Thursday, 4 July 2013

The Collector (Fowles): Elements of Fiction; Point of View

There are two 1st person narrators in The Collector who are telling the event from each point of view. The story is dictated by Ferdinand's recollective report. Miranda's part is told as a diary, also in past tense, but unlike Ferdinand's account, it gives a feeling of being told in present time and thus synchronal with the actions. They are both trustworthy and unreliable; the meticulously described events are detailed and credible, but the narrators' way of thinking and acting interfere with common perception of them as credible people.

Kidnapping and keeping a person looked up in a cellar of ones house is not a normal behaviour which does Ferdinand basically unreliable. The impression of disparity is further strengthened when he thinks his prisoner Miranda will start to like him just if he makes sure she is welled treated and is getting what she wants, as if feeding and turning a chrysalis into another butterfly to his collection. He ruminates this fixed idea throughout the story. “Gradually she came to know me and like me and the dream grew into the one about our living in a nice modern house, married, with kids and everything. // I thought, I can't ever get to know her in the ordinary way, but if she's with me, she'll see my good points, she'll understand. There was always the idea she would understand. (Fowles 19) I said I'd buy anything she wanted. (35) I just want you to try and understand me as much as you can and like me a little if you can.” (46)

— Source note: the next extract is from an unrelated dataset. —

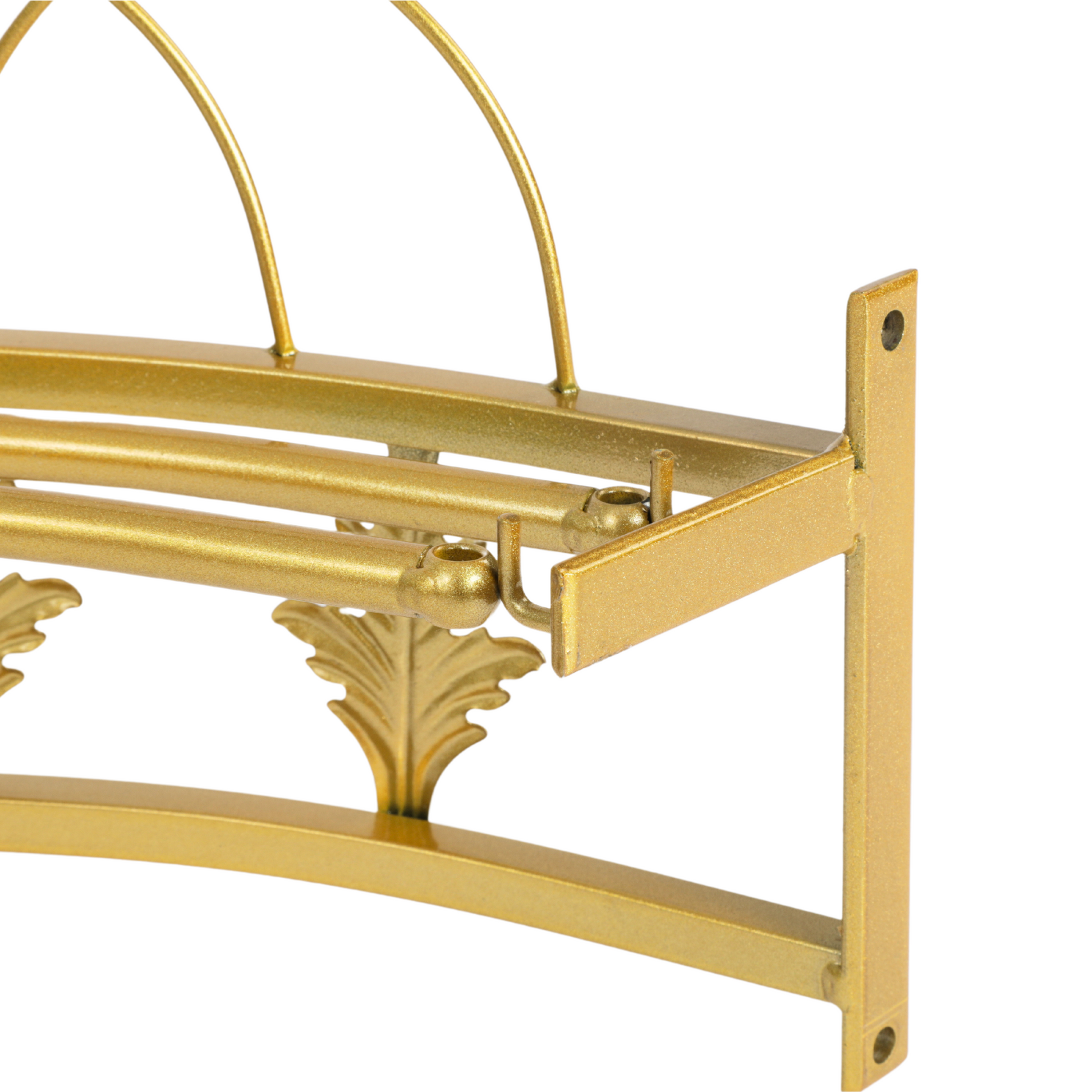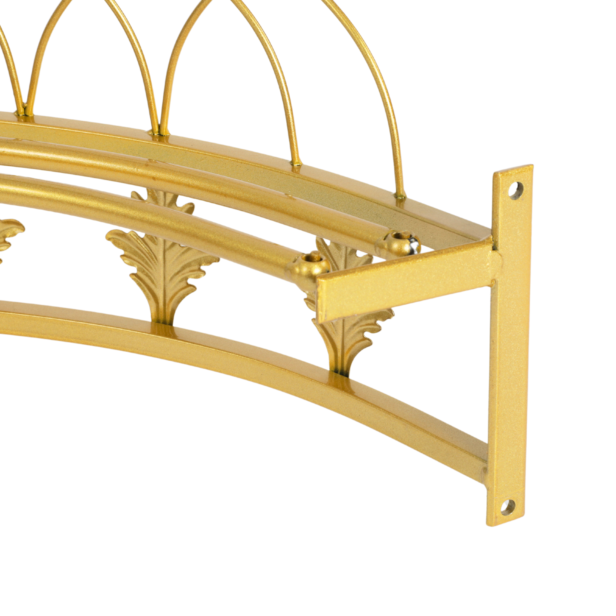 This crown wall decor, which is 6.5 inches tall, 3.125 inches wide, and 27.125 inches deep, looks well in a variety of settings and adds a dramatic presence. One crown, two ornamental hanging brackets, eight screws, and eight drywall support rods are all included in the kit, so you'll have all you need for a simple installation. This crown canopy is a real standout because of its exquisite finish and meticulous construction, which makes it ideal for embellishing any space or event venue.

Miranda is constantly comparing her life in captivity and the life she had in liberty with characters in books, plays, or art, describing things as an art student sees them, or using George Paston's (G.P) ideas, of her highly esteemed artist mentor, to define the world -  as if she hermaphroditical is bringing forth her state of chrysalis longing for a butterfly metamorphosis. “I'll marry him [G.P.] if he wants. I want the adventure // Clever at knowing but not at living. I want his children in me. My body doesn't count any more. If he just wants that he can have it. // He has the secret of life in him (247)// I will give myself to G.P. He can have me. And whatever he does to me I shall still have my woman-me he can never touch.” (248)

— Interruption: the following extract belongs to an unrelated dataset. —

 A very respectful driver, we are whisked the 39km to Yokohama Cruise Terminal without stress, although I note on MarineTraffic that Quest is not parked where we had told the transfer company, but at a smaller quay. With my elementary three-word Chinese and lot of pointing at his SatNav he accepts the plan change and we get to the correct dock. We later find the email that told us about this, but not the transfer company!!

Both Ferdinand and Miranda are shielded from the world, each one in his own way, even before their common stay in the house. It seems as if Miranda has just as much of an obsessive way of seeking and creating essence out of existence as Ferdinand. Now if an author want to refine that point of view it becomes more reliable to a reader if he lets those characters carry their own voices; it is easier to relate to people's obscure ideas if an unreliable narrator is speaking of his own in 1st  person narrator because an “I” associates directly with a readers “I” which makes thoughts and actions in a novel plausible, as if the reader himself were being addressed.

What reader would really trust that there exist a Ferdinand if an author lets a 3rd person narrator retell events taking place inside the walls of such a house; characters and actions would risk to appear to distant to associate and cope with.